As they finished with their displays, students helped sort, pack and store all of the tools and supplies we had used during the dig. The adults were all so pleased with their willingness to help out.
All projects were finished and set up in the back room by noon, so we celebrated with a pizza lunch provided by the Museum and Heritage Center. EVERYONE enjoyed that!
After cleaning up the room to get ready for our guests, several types of maps were explored. Beginning with Newaygo County maps, students found Grant Township, the location of our dig sites. We moved on to plat maps of that township, finding Sections 11 and 14, the original location of the majority of Rice Lake, in each. Plat maps have a wealth of information to share when you look at the land over time.
By studying the size of land parcels from 1880 to 2011, it was apparent that, when the lake was first drained and the land sold, parcels were small. We could see so many little squares and rectangles and lots of names of all the people who owned them. Then, after WW I, when the depression occurred, property-owners sold off their small parcels and the plat maps indicated fewer owners. There was a slight increase in the number of owners just before WW II. After that war, cars were common and people drove to higher paying factory work in Grand Rapids, selling off their farm land. Today, the muck land is owned by a few farmers who have large corporate businesses. We saw lots of large squares and rectangles, but very few names, on the 2010-2011 plat map.

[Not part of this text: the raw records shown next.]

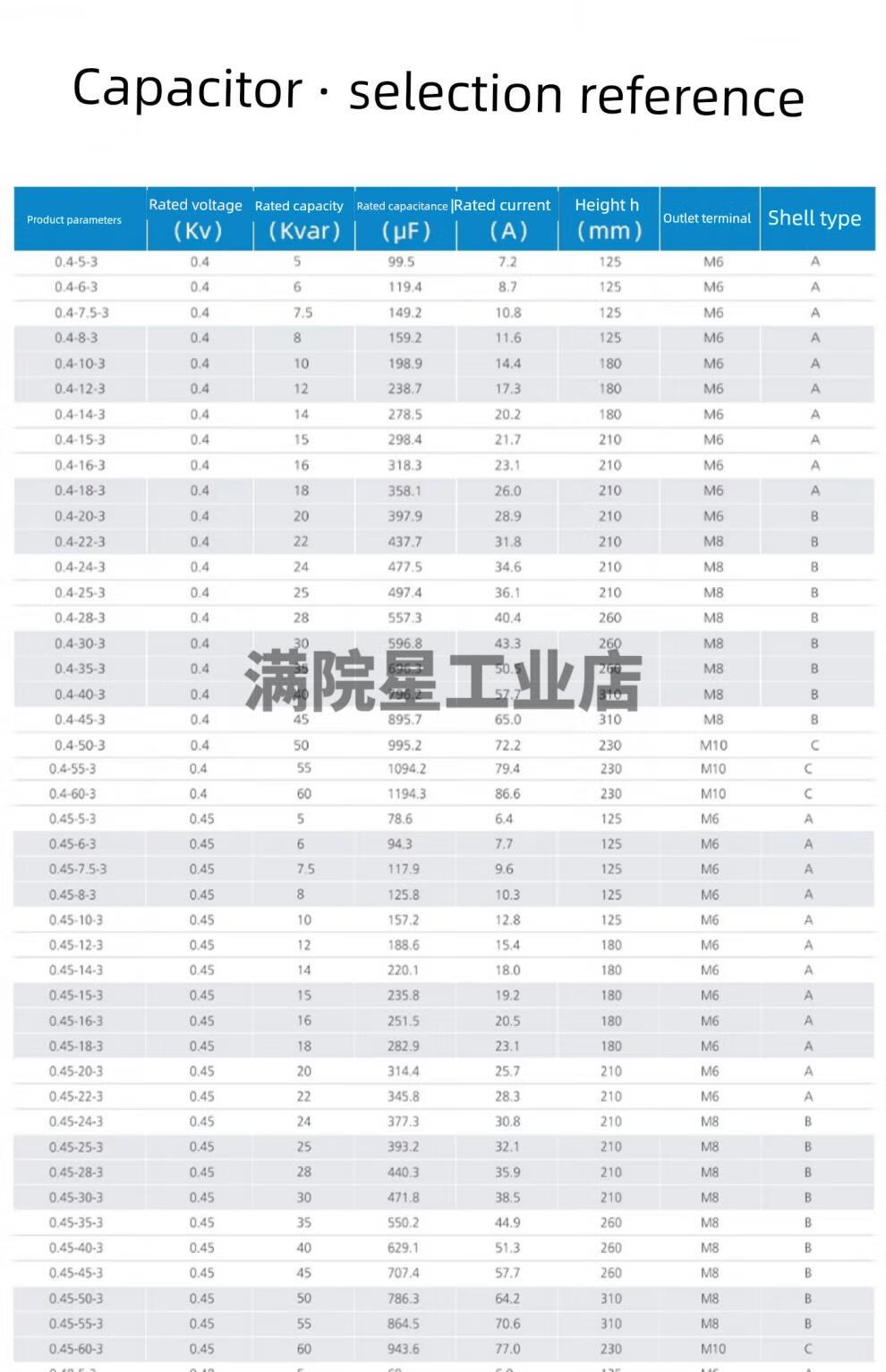 Refers to 0.4/0.45-30/3/1 self-healing parallel power supply capacitor 0.45-30-3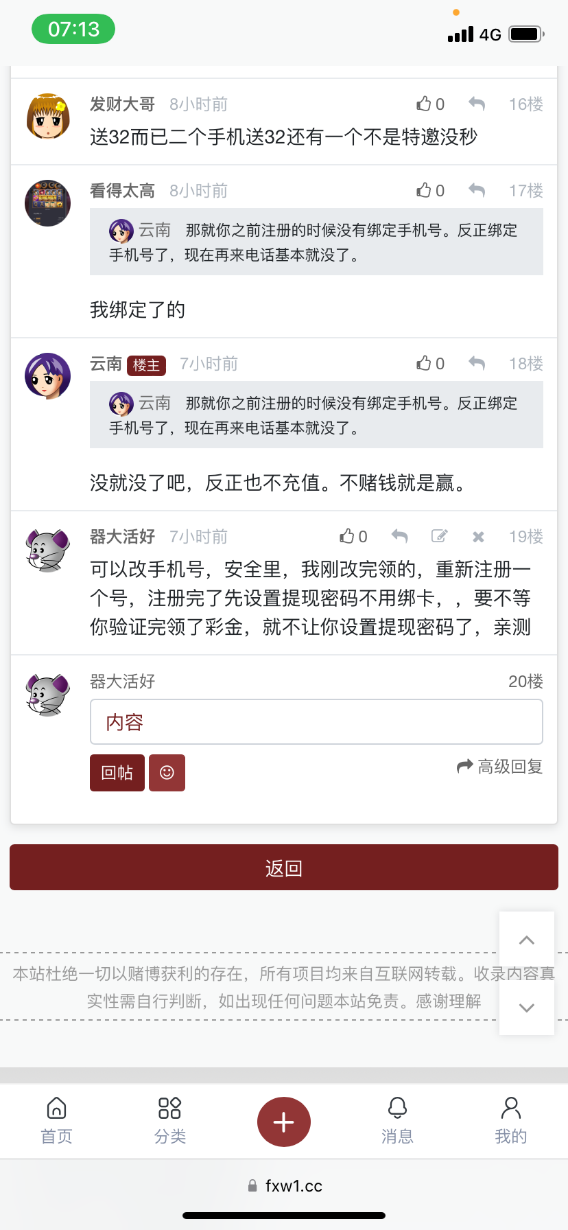 我要嫖回本 踏马的,我也是以小博大,我任何那些免费彩金我都没领,为什么tmd我打上了200提现,他们现在过去三个小时了,我操tmd还不到帐,一点逼眼动静没有,客服又他妈跟被埋了一样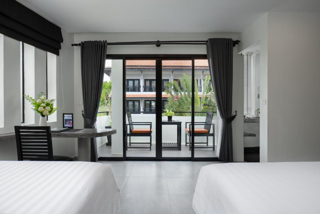 Step outside the hotel and find yourself immersed in the bustling streets of Siem Reap's central area. Take a leisurely stroll along the lively Pub Street, where you can sample delicious Khmer cuisine, sip on tropical cocktails, and soak up the lively atmosphere. Browse through the vibrant Night Market, a treasure trove of local handicrafts, souvenirs, and street food stalls. For those seeking a taste of Cambodian history and culture, the Old Market (Phsar Chas) is a must-visit, offering an authentic local experience with its array of fresh produce, spices, and traditional goods.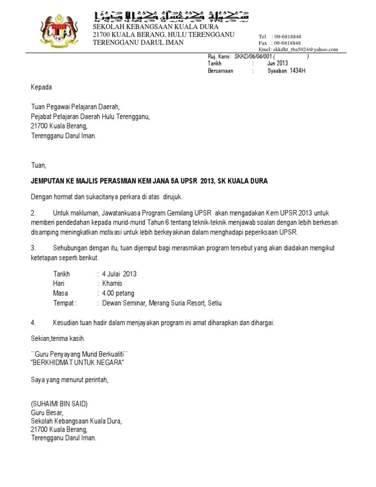 Contoh surat rasmi jemputan merasmikan majlis. 4.0 sehubungan itu, pihak pengelola karnival berharap tuan dapat menghadiri majlis ini dan seterusnya merasmikan. Surat rasmi jemputan mesyuarat resepi book b . Surat jemputan perasmi mesyuarat agung 2011 14. Jemputan kepada perasmi hendaklah menggunakan surat rasmi. Menutup rasmi kejohanan sukan sekolah sk lktp air tawar 4. Surat jemputan terbuka untuk menyertai majlis gabungan flotilla 2 arakan. Hj mustafa bin majid, timbalan pegawai pendidikan daerah) tuan, jemputan sebagai perasmi majlis anugerah cemerlang 2016 sekolah kebangsaan seri . Contoh surat jemputan perasmian penutupan perkhemahan. Dato' seri didahului dengan ucapan ribuan . Contoh surat rasmi jemputan yb. Dato akan lebih memeriahkan lagi kejohanan tersebut. Jemputan sebagai perasmi majlis perasmian penutup kejohanansukan sekolah sk lktp air tawar 4.

Kate Russell, archaeologist and director of the Terry Wantz Historical Research Center, also shared information with the kids about the Native American Boarding Schools and her archaeology experience at the boarding school in Mt. Pleasant.
Many guests arrived early and we were in full presentation mode by 2:00 PM. Over 60 parents, grandparents, and friends examined our finds and learned from our junior archaeologists. The high praise and support received were a big boost to the kids as well as adults who made it all happen…truly a Celebration of Learning!